Se poi è anche Juventino, beh, tanto meglio. Gioirà un pò di più per i suoi e nostri successi.
Al di là degli schemi e delle teorie, io ho sempre sognato un mister alla Carletto Mazzone o alla Serse Cosmi.
Un duro stile Clint Eastwood nei panni di Gunny Highway, uno che “se sbaja er cross je spezzo la gamba”.
Anche qui, invece, dobbiamo purtroppo assistere al solito incedere da avvezzo etilista della nostra dirigenza, che con questa manfrina ha già provocato una prima crepa (piccola, ma pur sempre crepa) nella credibilità del prossimo allenatore della Juventus, chiunque lui sia; infatti quando verrà nominato, dopo tutta questa lotteria di nomi, il concetto sarà molto simile a: “guarda, son partito dalla Isoardi e poi son andato a scendere, la Clerici, Anna Moroni... quando alla fine mi han dato buca pure la Mazzamauro e la figlia di Fantozzi, allora rimanevi solo tu!”.

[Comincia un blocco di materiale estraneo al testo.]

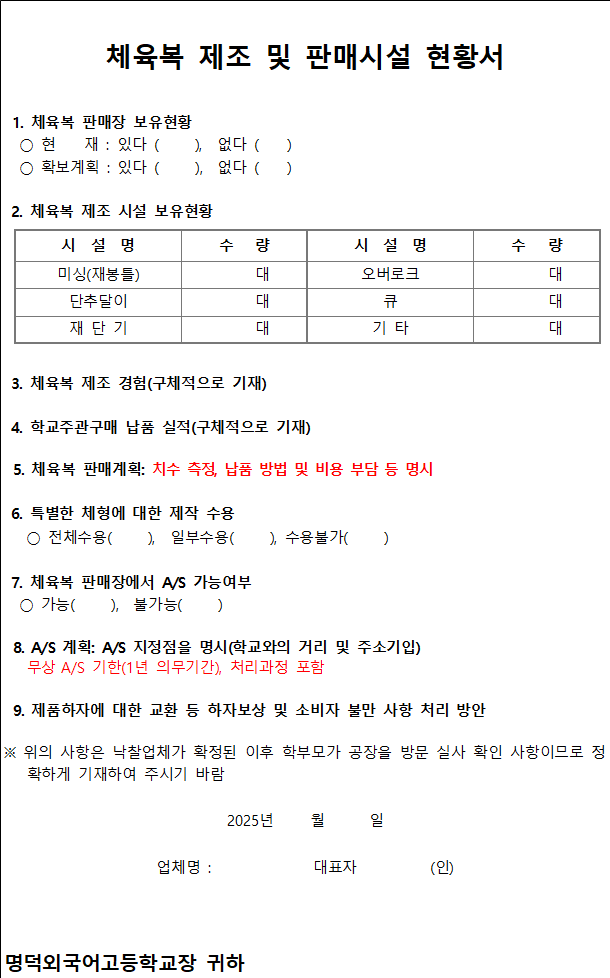 위 사업자는 서울시교육청의 체육복가격 안정화를 위한 체육복 ‘학교주관구매’ 실시에 따라, 명덕외국어고등학교가 시행하는 체육복 ‘학교주관구매’가 원만히 추진될 수 있도록 2025. 00. 00일자로 공고한 입찰에 참가하기에 신고합니다.

Per carità, non sarà così tragica, la cosa, ma un conto è sentirsi scelto per allenare una squadra, un conto è essere messo lì perché tutti quelli in fila prima di te han rifiutato l’offerta.
Io, così per dirne una, non sono così contrario a Ferrara.
E’ un tipo con le palle, anche se siamo abituati a vederlo mangiare i suoi budini alla vaniglia alla TV o a stendere le pizze, per chi è andato nel suo locale qui a Torino.
Ha giocato con tutti i “senatori”, per cui dovrebbe essere al riparo da imboscate nello spogliatoio come è avvenuto a Ranieri, se non altro per cameratismo.
E’ uno dei giocatori che, nel loro ruolo, hanno fatto la storia del calcio, e pertanto gode di un certo carisma nei confronti dei giovani.